Frequently Asked Questions

What is the BC-HIS certification?

The BC-HIS (Board Certified in Hearing Instrument Sciences) is the national voluntary certification for hearing instrument specialists, awarded by the National Board for Certification in Hearing Instrument Sciences (NBC-HIS). It is earned by passing the National Competency Exam (NCE) and demonstrates advanced competency above the state licensure minimum. Hearing aid dispensing is licensed in all 50 U.S. states; BC-HIS is a mark of excellence within the profession.

What are the eligibility requirements for the BC-HIS exam?

To sit for the NCE, candidates must have: (1) a current state/provincial hearing instrument dispensing license or registration, AND (2) a minimum of 2 years of full-time dispensing experience within the last 5 years — OR a diploma from an NBC-HIS approved hearing instrument sciences program. Application requires a copy of the license and a notarized self-attestation form.

How many questions are on the BC-HIS exam and how long is it?

The NCE contains 100 scored multiple-choice questions with a 105-minute time limit. Some forms include 15 additional unscored beta items (115 total, 120 minutes). Only the 100 scored items count toward the pass/fail result. The exam is administered at Kryterion computer-based testing centers in the U.S., Canada, and select international sites.

What is the passing score for the BC-HIS exam?
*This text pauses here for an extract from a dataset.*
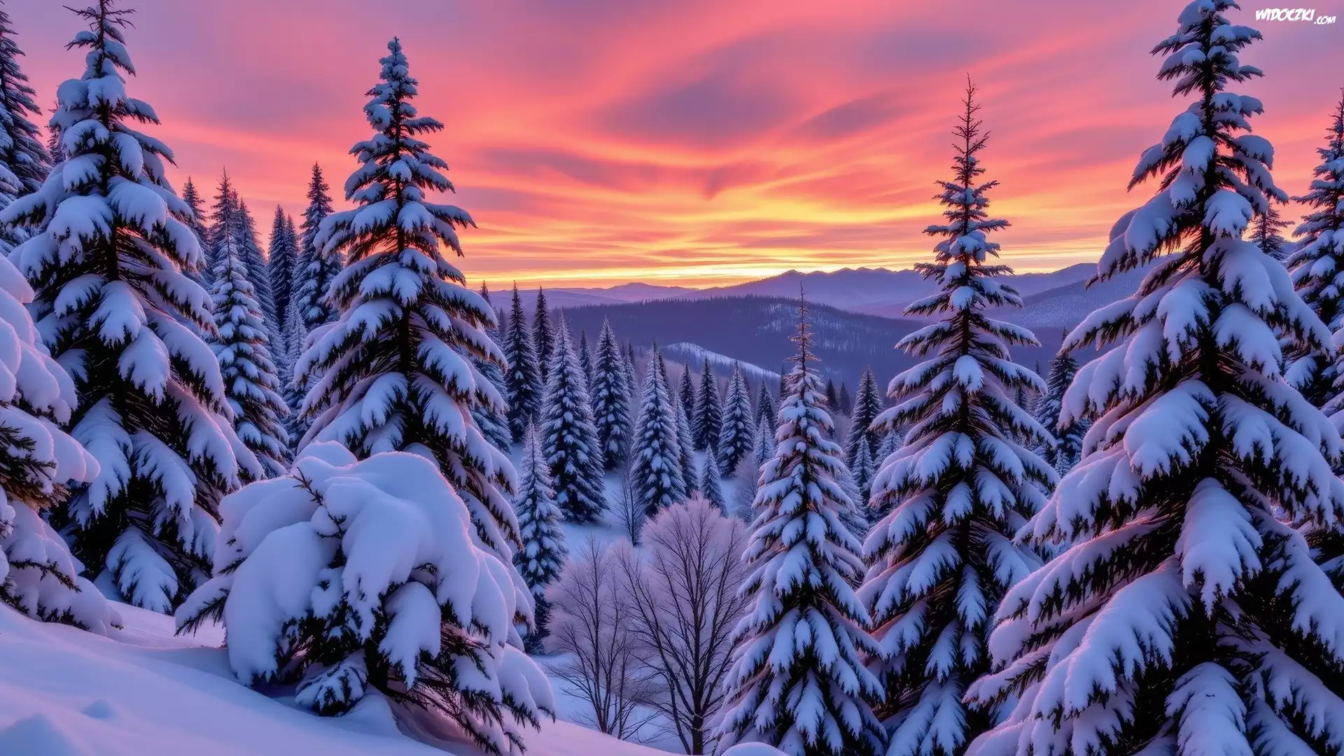 Zdjęcia, Zima, Zachód słońca, Kolorowe, Niebo, Ośnieżone, Drzewa, Góry

NBC-HIS uses a modified Angoff criterion-referenced methodology to set the passing standard. The actual passing score may vary between test forms based on item difficulty. Candidates receive a pass/fail result immediately after the exam. Failing candidates receive percentage breakdowns by competency area to guide remediation; passing candidates do not receive a numerical score.
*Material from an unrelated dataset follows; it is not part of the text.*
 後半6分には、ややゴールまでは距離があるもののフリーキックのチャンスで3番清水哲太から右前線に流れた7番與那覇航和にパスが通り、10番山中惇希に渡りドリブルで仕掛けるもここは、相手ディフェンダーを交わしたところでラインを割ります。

What content areas does the BC-HIS exam cover?

The NCE covers five competency domains: Assess Patient Presenting Problem and Needs (22%), Test and Analyze Patient Hearing (26%), Prescribe and Analyze Hearing Instruments (19%), Fit, Adjust, Program, and Service Hearing Instruments (18%), and Counseling, Rehabilitation, and Professional Practice (15%). The Hearing Analysis domain is the largest, reflecting the centrality of audiometric testing in the dispensing role.
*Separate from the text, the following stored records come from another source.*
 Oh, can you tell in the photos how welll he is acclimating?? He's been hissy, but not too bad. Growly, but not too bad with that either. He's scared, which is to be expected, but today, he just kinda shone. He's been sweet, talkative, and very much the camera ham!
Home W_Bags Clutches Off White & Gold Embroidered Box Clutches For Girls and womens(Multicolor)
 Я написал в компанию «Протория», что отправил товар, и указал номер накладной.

How much does the BC-HIS exam cost?

The NBC-HIS NCE exam fee is $225 for candidates in the United States or Canada, and $250 for international candidates. Rescheduling within 72 hours incurs a $95 fee. Annual maintenance fees are also required after certification: $299/year (US) or $215 USD/year (Canada). Bulk exam voucher discounts are available for employers.

How do I maintain my BC-HIS certification?

BC-HIS certification must be renewed every 3 years. Recertification requires 24 continuing education credits earned through approved in-person or online programs. Annual fees ($299 US or $215 Canada) are due by June 30 each year. Excess CE credits do not carry over to the next 3-year cycle. The certification may also be maintained by retaking and passing the NCE.